Needlessly Technical: NoSQL vs YesSQL
June 24th, 2010“Needlessly Technical” articles are dry, and boring, and cover some sort of computer-programming topic.
Greg is currently involved in the process of trying to wrap his head around NoSQL. Technologies such as Cassandra, Memcached, CouchDB, MongoDB, BigTable, SmallTable, MediumTable, KitchenTable, SofaDB, CoffeeTable…
As a dude who is made of cheese occasionally trying to keep tabs on this whole “Web Development” thing, here’s what I’m seeing so far.
Pros
NoSQL solutions (Cassandra, Memcached) are trivially parallelizable.
Following the NoSQL debate in the ACM magazines, industry shills have been sending in article after article complaining that “SQL already does that“.
Every serious SQL DBMS (e.g., Greenplum, Asterdata, Vertica, Paraccel, etc.) written in the last 10 years has provided shared nothing scalability, and any new effort would be remiss if it did not do likewise.
– of course, when they say “Serious SQL DBMS”, they mean SQL databases that independently cost about as much as helicopters.

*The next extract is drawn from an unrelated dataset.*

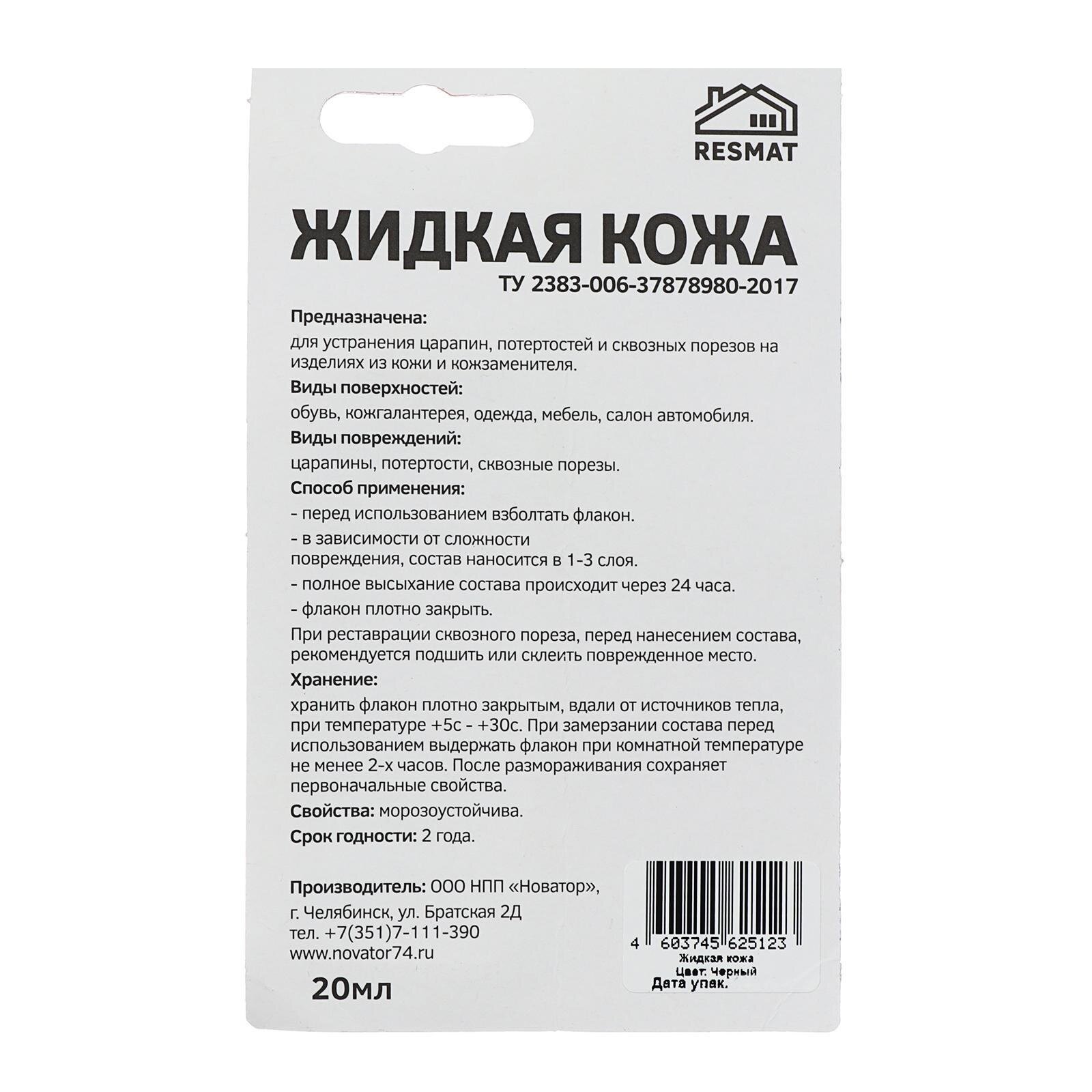 Жидкая кожа "Resmat", черная, для ремонта и реставрации потертостей/царапин/сквозных порезов, 20 мл интересное: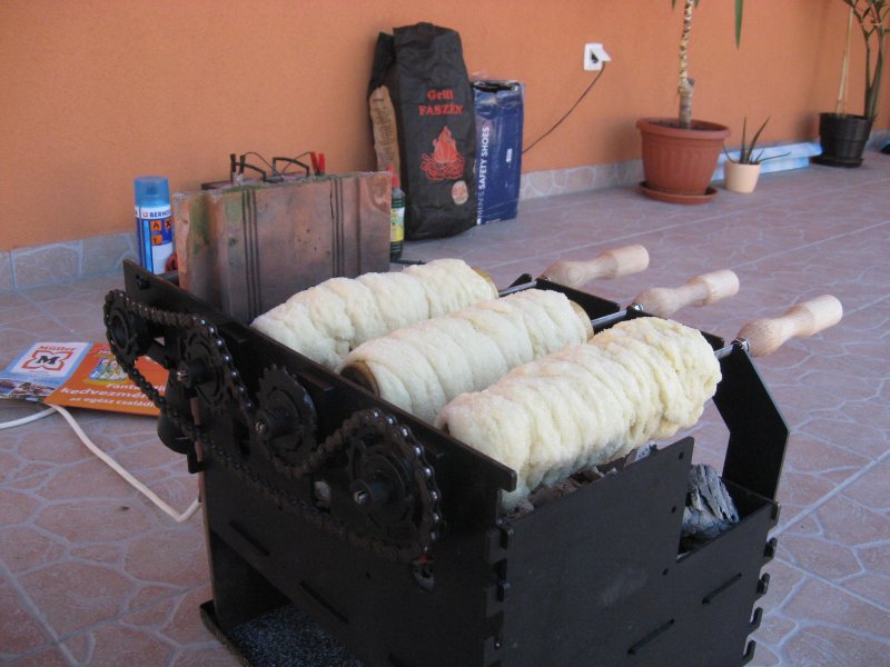 a házilagos sütéshez megfelel egy régi forgónyársas grillsütő, hozzá alakított kürtőskalács nyárssal.

Most web development is driven, not by the enterprise crowd, but by the hobbyist crowd, people who can only really afford to use MySQL or PostgreSQL. MySQL clustering is roughly as complicated and horrifying as testicle surgery, and even then they specify that such a solution will only work well with ‘mainly primary key access’ and ’simple joins’ – essentially, if you don’t read the entire book High Performance MySQL and follow every dictate to the letter, you’re fucked. Other options include distributing MySQL through an external software solution – sharding. Also complicated and ugly. Distributed, high-availability MySQL requires a “Database Guy”.
The NoSQL solutions, however, make parallelization first-class, at the expense of other fun features from MySQL, like complex joins, or data integrity. Setting up a four or five computer memcached or Cassandra cluster is as easy as a high-school girl at a college party.
In NoSQL solutions, the only way is the fast way.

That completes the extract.